I used Firefox instead of wget, used the Fasterfox plug-in
to time the requests and tried several proxy combinations.

The versions were Tor 0.1.2.9-rc, Firefox 2.0.0.3,
Polipo 0.9.99.1 and Privoxy's CVS version with some
uncommitted modifications which should be irrelevant
for this test.

I didn't change my Privoxy configuration, which means
there were several actions active, some of which effected
the results. http://www.kde.org/screenshots/ contains
no ads or tracking pixels, so filtering the page causes
a delay without any gain.

The test was done on a laptop with FreeBSD's powered(aemon)
running. As a result the CPU frequency wasn't constant,
but I doubt that it mattered for the end results.

I first did five tests for every proxy combination,
switching the proxy combination after each request.

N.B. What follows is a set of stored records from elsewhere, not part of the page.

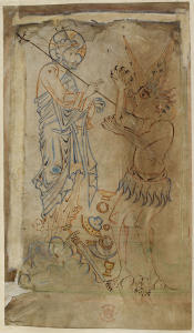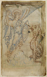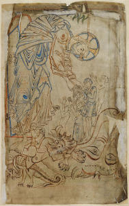 f. 114v: Christ with a cross and staff, trampling on a dragon;
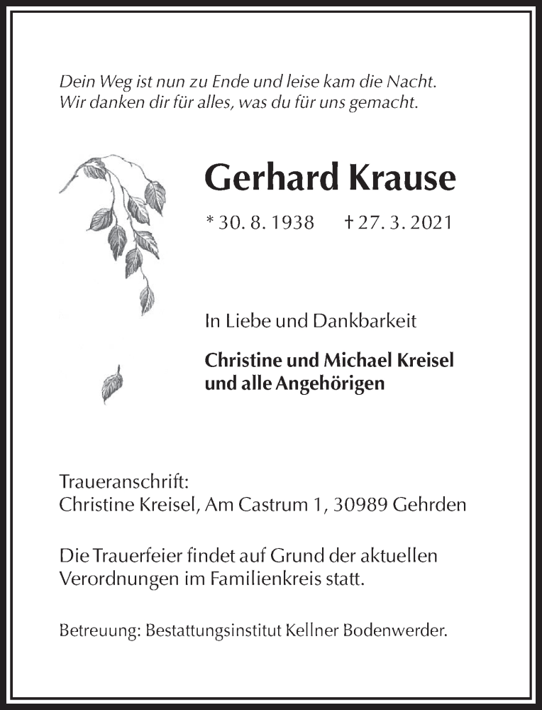 Hier finden Sie alle Traueranzeigen aus der Zeitung, die bisher für Gerhard Krause erschienen sind. Weitere Traueranzeigen, die in der Zeitung erscheinen, werden hier ebenfalls aufgelistet
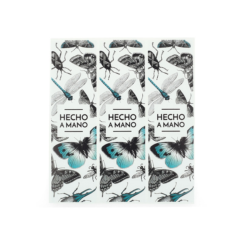 Nálepky s hmyzom sú tiež vytlačené na bielom pozadí a majú matný povrch. V tomto prípade je farebný nádych modrý. Motýle, vážky, chrobáky... sú niektoré z druhov hmyzu, ktoré sa objavujú na týchto botanických ilustráciách.
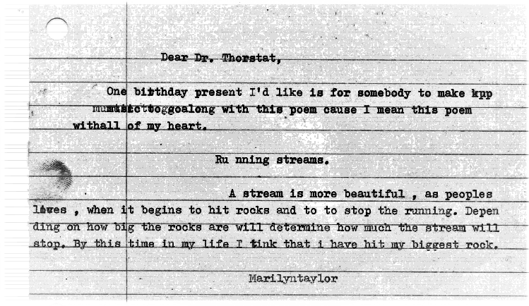 Marilyn never told me, or anyone, that this was going on in her elementary school. She did not start writing about it until a few months before her suicide.
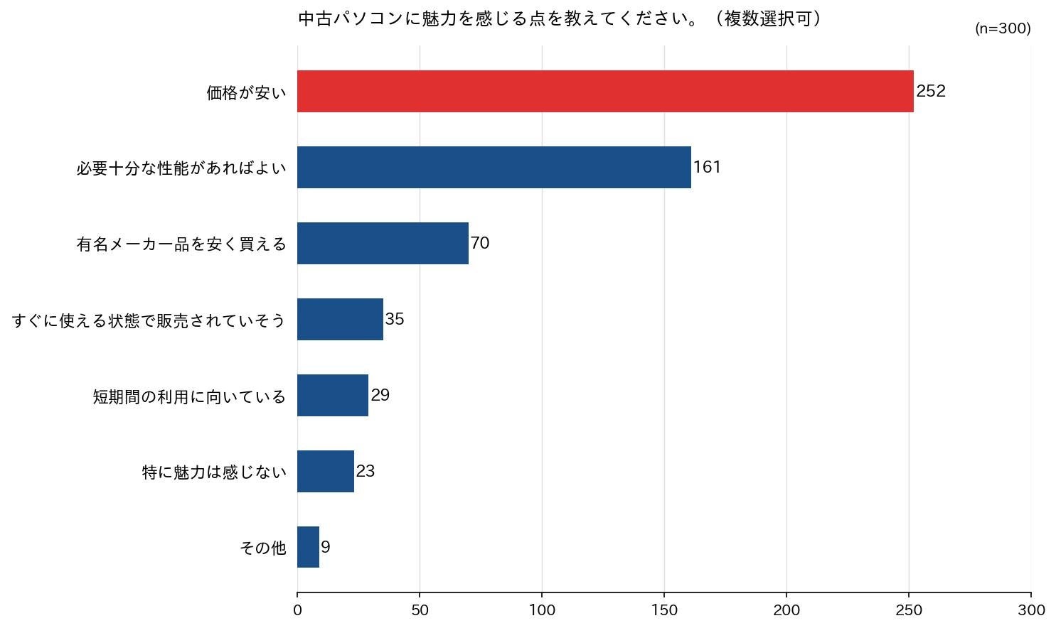中古パソコンに魅力を感じる点(複数選択)では、「価格が安い」が252件でダントツのトップ。次いで「必要十分な性能があればよい」161件、「有名メーカー品を安く買える」70件と続きます。
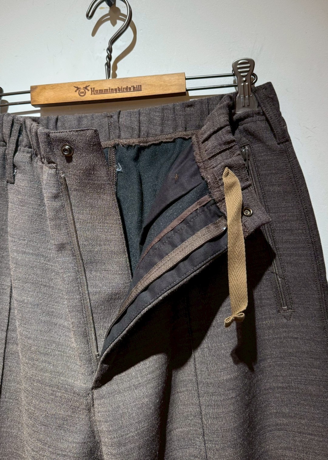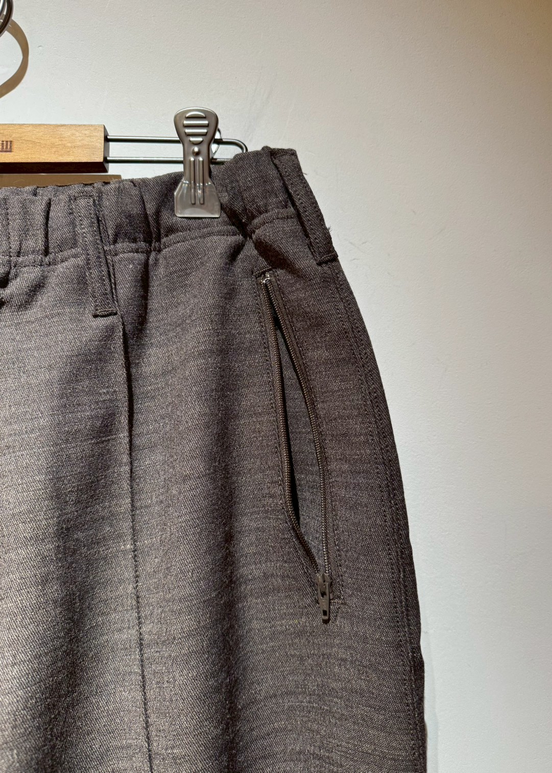 ストリング仕様のウエスト、ワイドシルエット、スポーティなジップポケットなど、リラックス感のある力の抜けたデザインが特徴的なジョグパンツ。裾はドローコードで調整が可能です。全体的にカジュアルな雰囲気が漂う一本ですが、両脚にセンターシームが施されることで、どこかスタイリッシュな表情も引き出されています。
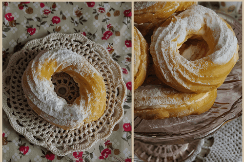 Заварные кольца с творожным кремом – это изысканный десерт французской кухни, рожденный в традициях классического кондитерского искусства. Их основа – воздушное, нежное заварное тесто, которое после выпекания приобретает легкость и золотистую корочку. Особый шарм кольцам придает крем: мягкий, бархатистый творожный мусс с нотками ванили, сгущенного молока и легким оттенком коньяка. Они не только украсят любой стол, но и подарят наслаждение своим нежным вкусом, сочетая в себе легкость теста и насыщенность крема. Подойдут как к праздничному чаепитию, так и к утреннему кофе, создавая атмосферу утонченности и кулинарного шедевра.
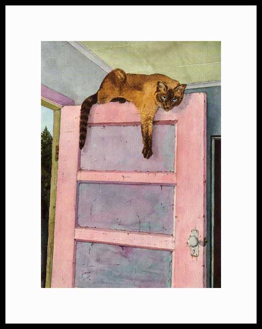 Waiting for Prey Framed Open Edition Mini Print of an original Drew Strouble cat art watercolor painting of a Chocolate or Seal Point Siamese Cat perched atop a door. Open Edition Mini Prints. Overall size: 9 3/4" x 11 5/8" incl. 2" mat. Each print is hand signed and titled. All prints are shrink wrapped with a white mat and foamcore backing. Designer Frames are black aluminum with plexiglas.

Requests where started with ctrl+F5 so Firefox didn't
use its cache and additionally set the headers
"Pragma: no-cache" and "Cache-Control: no-cache".

I started Polipo with:
polipo diskCacheRoot='' socksParentProxy=10.0.0.2:9050
and restarted it for every test. I kept Tor and Privoxy
running all the time.

Finally the numbers, the format is:
|Proxy combination
|results in the order I got them
|average all
|average without the best and worst result
|average without the two worst results


With http://www.kde.org/screenshots/:
Firefox + Privoxy + Polipo + Tor:
40.950s, 6.100s, 6.294s, 24.290s, 56.680s
26.863s
23.845s
12.228

Firefox + Privoxy + Tor
59.523s, 7.493s, 6.822s, 156.438s, 35.282s
53.112s
34.099s
16.532

Firefox + Polipo + Tor
14.558s, 38.840s, 12.100s, 5.548s, 26.370s
19.483s
17.676s
10.735

I also tested with another website (http://www.spiegel.de/):

Firefox + Privoxy + Polipo + Tor:
155.674s, 46.256s, 141.360, 47.120s, 35.967s
85,275s
78,245s
43,117s

Firefox + Privoxy + Tor:
110.619s, 78.505s, 20.397s, 36.926s, 73,442s
63.983s
62,956s
43,588s

Firefox + Polipo + Tor:
93.979s, 33.102s, 34.242s, 123.365s, 99.740s
76.886s
75.987s
53,774s

Privoxy may have had a slight advantage here,
because by removing three tracking pixels it had
to do three requests less. However I think that
it didn't matter much.

The speed of the underlying Tor circuits seems
to be the most important factor here and five
samples probably aren't enough to prove anything.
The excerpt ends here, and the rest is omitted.